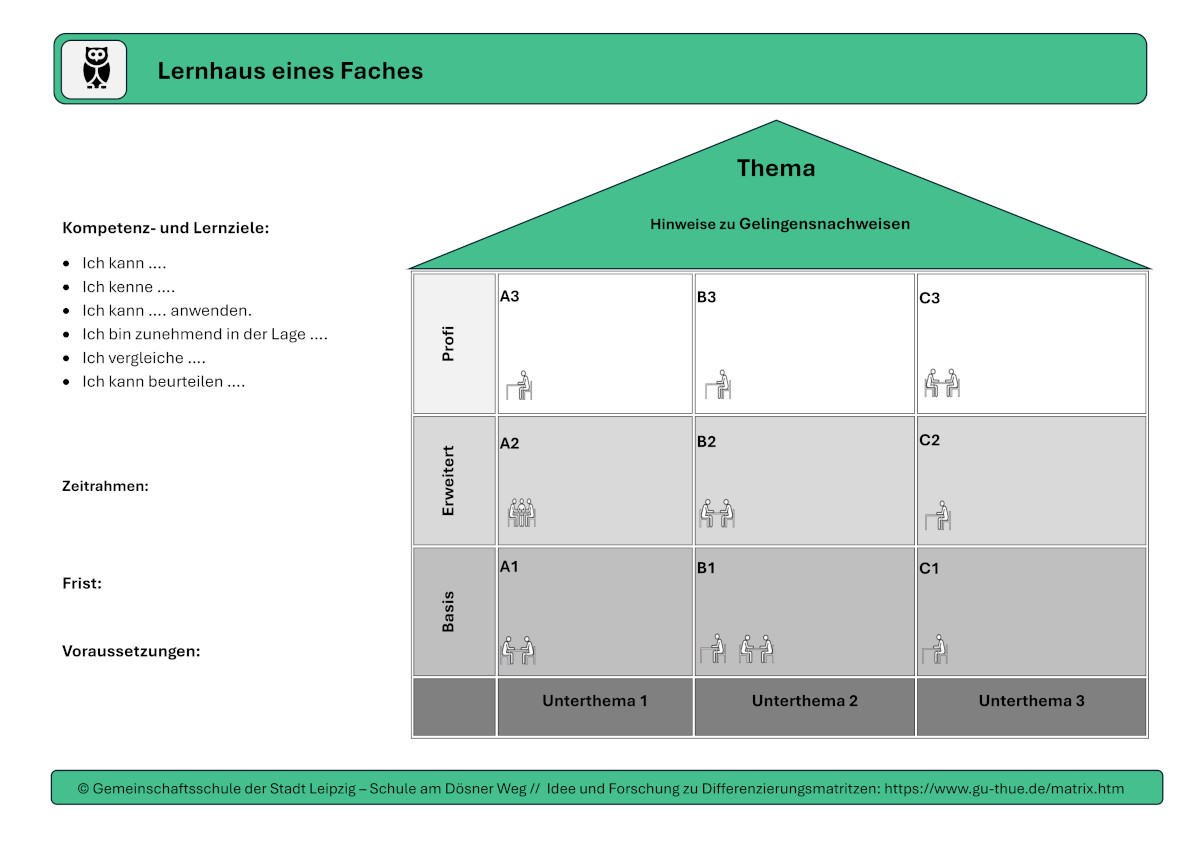 In enger Kooperation mit der Universität Leipzig und als Teil eines bundesweiten Netzwerkes von Deutschen Preisträgerschulen konzipieren wir den „Lernstoff“ visualisiert als Lernhäuser in sogenannten Differenzierungsmatrizen. Dabei beginnen die Lernenden mit dem Basisniveau (dem Erdgeschoss) und hangeln sich von Etage über Etage zu einem Erweitertenniveau bis hin zum Profiniveau vor. Das Dachgeschoss dient der Lernzielorientierung. Der Lernstoff an sich ist digital gestützt konzipiert. Das heißt, das traditionelle Lehrbuch beziehen wir ebenso ein wie digitale Lernformate.
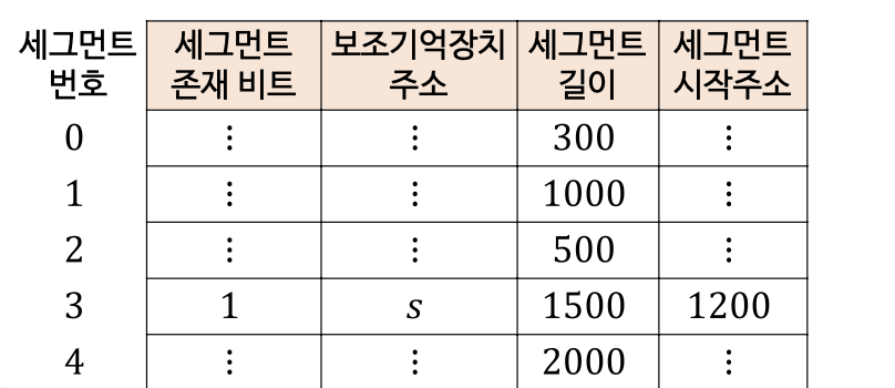 - 세그먼트 번호에 대한 실주소에서의 시작 위치 저장
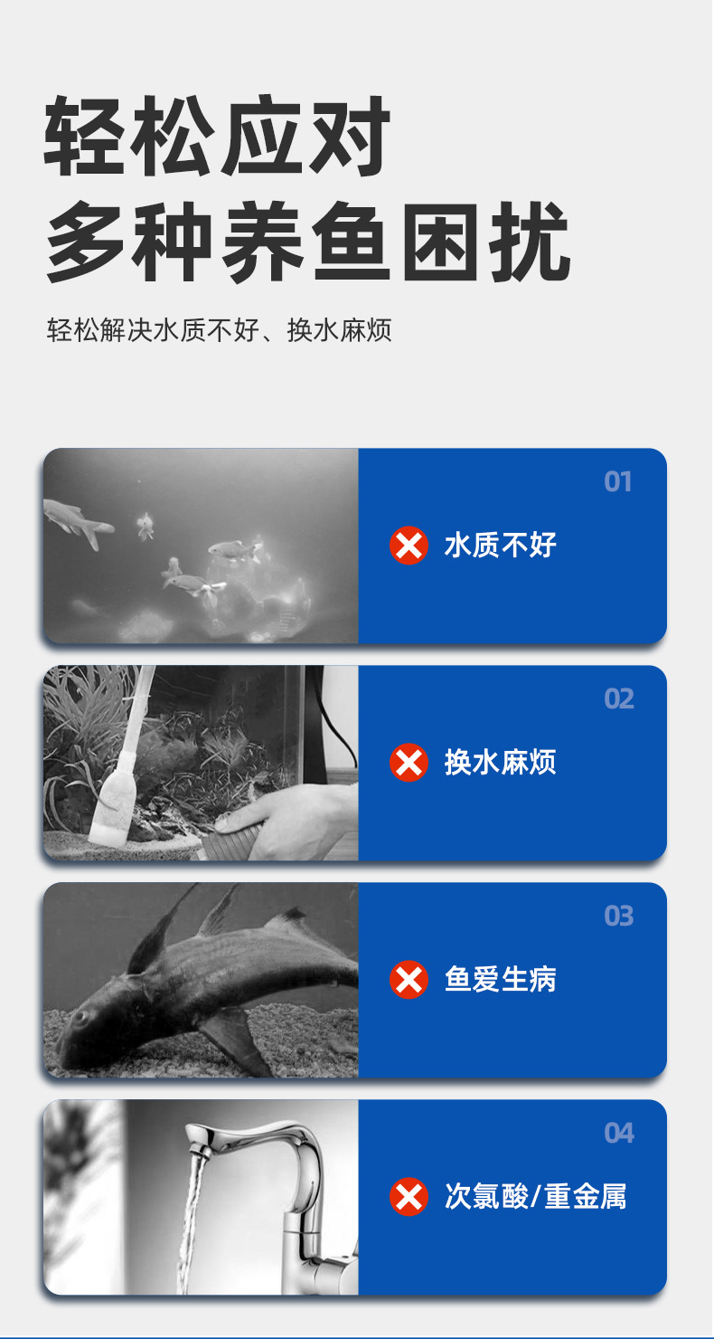 수족관 물고기 탱크 관상용 물고기 Yulebao 물 변화 빠른 염소 제거 안정적인 물 품질 수돗물 표면 건조 물 정화스토어 가기
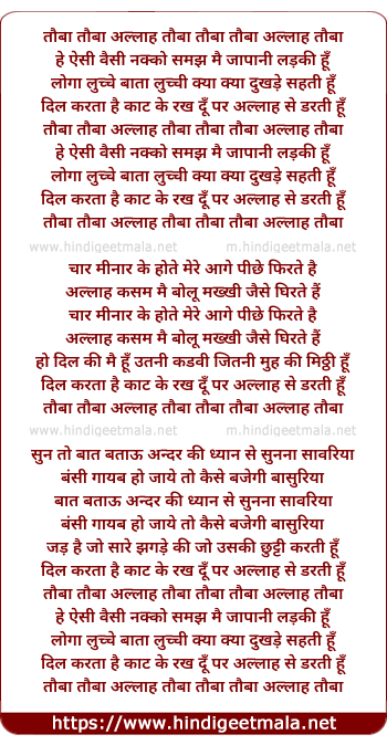 Lyrics of Tauba Tauba Allah Tauba - तौबा तौबा अल्लाह तौबा

* Work request *
Return all the data exactly, pictures omitted.

* Problem solution *
 In enger Kooperation mit der Universität Leipzig und als Teil eines bundesweiten Netzwerkes von Deutschen Preisträgerschulen konzipieren wir den „Lernstoff“ visualisiert als Lernhäuser in sogenannten Differenzierungsmatrizen. Dabei beginnen die Lernenden mit dem Basisniveau (dem Erdgeschoss) und hangeln sich von Etage über Etage zu einem Erweitertenniveau bis hin zum Profiniveau vor. Das Dachgeschoss dient der Lernzielorientierung. Der Lernstoff an sich ist digital gestützt konzipiert. Das heißt, das traditionelle Lehrbuch beziehen wir ebenso ein wie digitale Lernformate.
 - 세그먼트 번호에 대한 실주소에서의 시작 위치 저장
 수족관 물고기 탱크 관상용 물고기 Yulebao 물 변화 빠른 염소 제거 안정적인 물 품질 수돗물 표면 건조 물 정화스토어 가기
 Lyrics of Tauba Tauba Allah Tauba - तौबा तौबा अल्लाह तौबा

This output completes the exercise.